◆ Instructions for the task
Return the lines of the material below exactly, beginning with the line that has "春雪覆园,寒意未消,积雪与结" in it and finishing with the line that has "高校生の女子と一緒に中学生も" in it. Leave all pictures aside.

◆ Extracted information
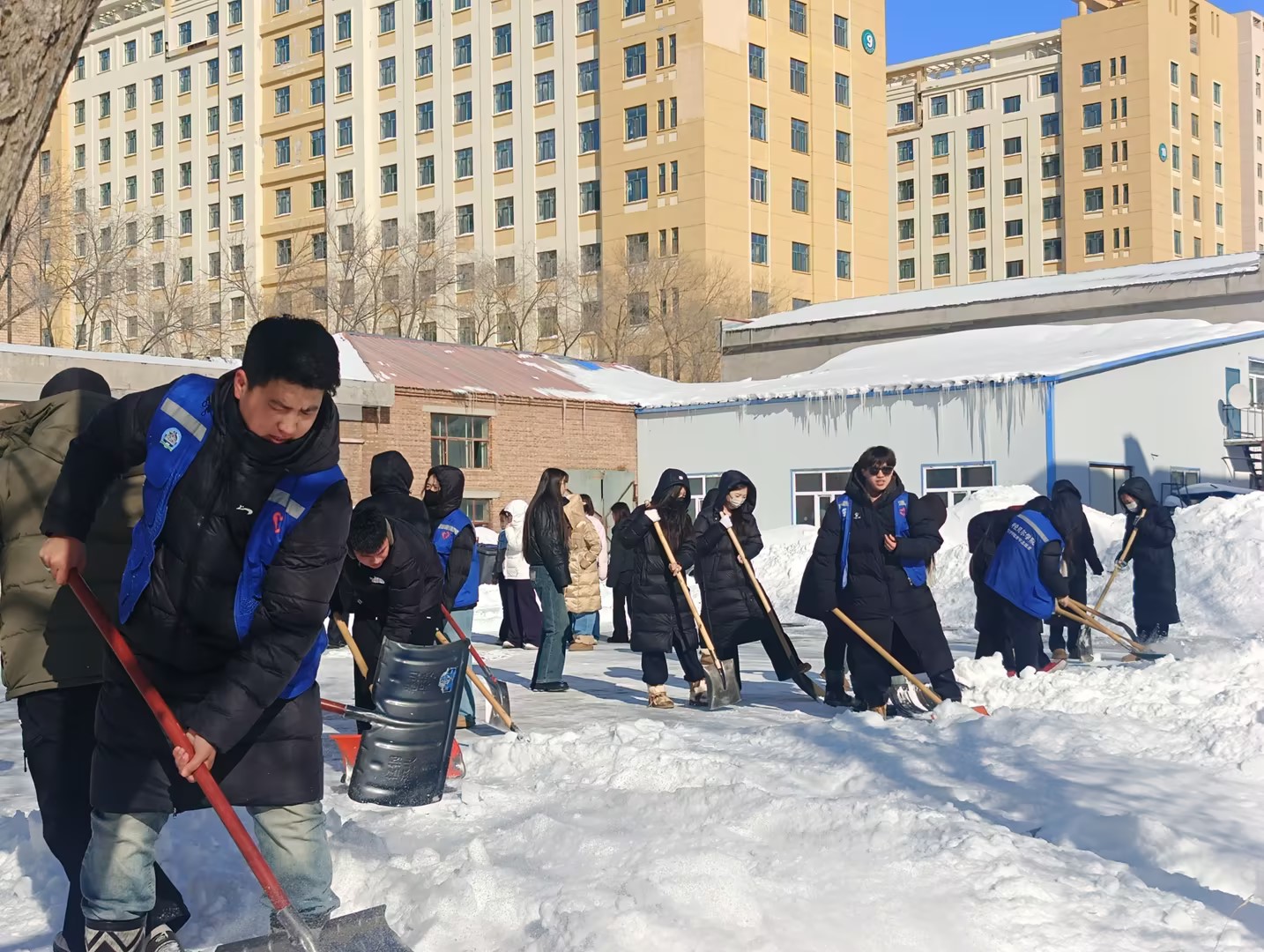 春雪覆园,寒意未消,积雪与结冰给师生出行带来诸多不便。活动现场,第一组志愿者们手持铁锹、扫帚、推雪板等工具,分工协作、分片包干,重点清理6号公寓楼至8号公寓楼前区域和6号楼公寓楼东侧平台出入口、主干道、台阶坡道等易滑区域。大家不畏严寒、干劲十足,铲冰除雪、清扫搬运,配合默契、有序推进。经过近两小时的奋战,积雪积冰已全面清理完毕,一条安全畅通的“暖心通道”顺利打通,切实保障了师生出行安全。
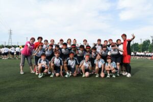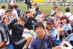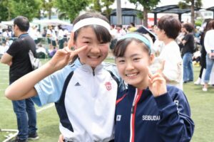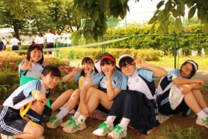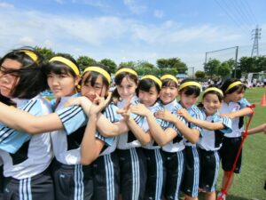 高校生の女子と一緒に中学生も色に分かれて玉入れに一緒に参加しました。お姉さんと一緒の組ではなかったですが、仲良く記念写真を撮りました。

--

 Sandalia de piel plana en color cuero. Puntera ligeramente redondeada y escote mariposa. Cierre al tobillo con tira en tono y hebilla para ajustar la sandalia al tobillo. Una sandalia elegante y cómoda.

◆ Solution to this task
 春雪覆园,寒意未消,积雪与结冰给师生出行带来诸多不便。活动现场,第一组志愿者们手持铁锹、扫帚、推雪板等工具,分工协作、分片包干,重点清理6号公寓楼至8号公寓楼前区域和6号楼公寓楼东侧平台出入口、主干道、台阶坡道等易滑区域。大家不畏严寒、干劲十足,铲冰除雪、清扫搬运,配合默契、有序推进。经过近两小时的奋战,积雪积冰已全面清理完毕,一条安全畅通的“暖心通道”顺利打通,切实保障了师生出行安全。
 高校生の女子と一緒に中学生も色に分かれて玉入れに一緒に参加しました。お姉さんと一緒の組ではなかったですが、仲良く記念写真を撮りました。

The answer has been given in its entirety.